Financial Figures – Q2 2025
| Metric | Figure |
| Net Profit | €957 million |
| Analyst Expectation (FactSet) | €1.5 billion |
| Revenue (Cars Division) | €24.2 billion |
| Actual Profit Margin (with tariffs) | 5.1% |
| Adjusted Profit Margin (without tariffs) | 6.6% |
Mercedes-Benz stated that the US-imposed tariffs, which added a 25% levy on imported vehicles, significantly affected margins, costing the car division hundreds of millions of euros in lost profitability.
CEO Ola Källenius described the earnings as “robust” in light of the complex trading conditions and emphasised the strategic use of Mercedes’ global production footprint to navigate emerging challenges.
“We’re adapting to new geopolitical realities by using our global production footprint intelligently.”
— Ola Källenius, CEO, Mercedes-Benz
Regional Sales Declines
| Market | Sales Volume Decline |
| United States | -12% |
| China | -19% |
The company continues to face strong competition in China, particularly from local EV giants such as BYD, which has been capturing significant market share in recent months.
Revised 2025 Outlook
Mercedes-Benz has now downgraded its full-year forecast, with groupwide revenue projected to fall significantly below the €146 billion earned in 2024. This marks a steep revision from February’s more modest guidance, which suggested revenue would be only slightly lower year-on-year.

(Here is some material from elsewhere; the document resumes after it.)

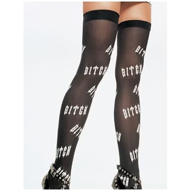 We are delighted to stock the brilliant 6672p Nylon Opaque Printed Thigh Highs, "slut", Black, One Size.

The company also updated its expected profit margin for the cars division:
| Profit Margin Guidance (Cars Division) | Including Tariffs | Excluding Tariffs |
| New Forecast | 4% – 6% | 6% – 8% |
In April, Mercedes-Benz and other major automakers temporarily withdrew their guidance in response to the tariff escalation led by former US President Donald Trump, whose policy aims to promote domestic manufacturing but has proven detrimental to European car exports.
The current figures underscore the increasing pressure on global automotive firms to recalibrate strategies in the face of trade wars, shifting consumer trends, and intensifying regional competition.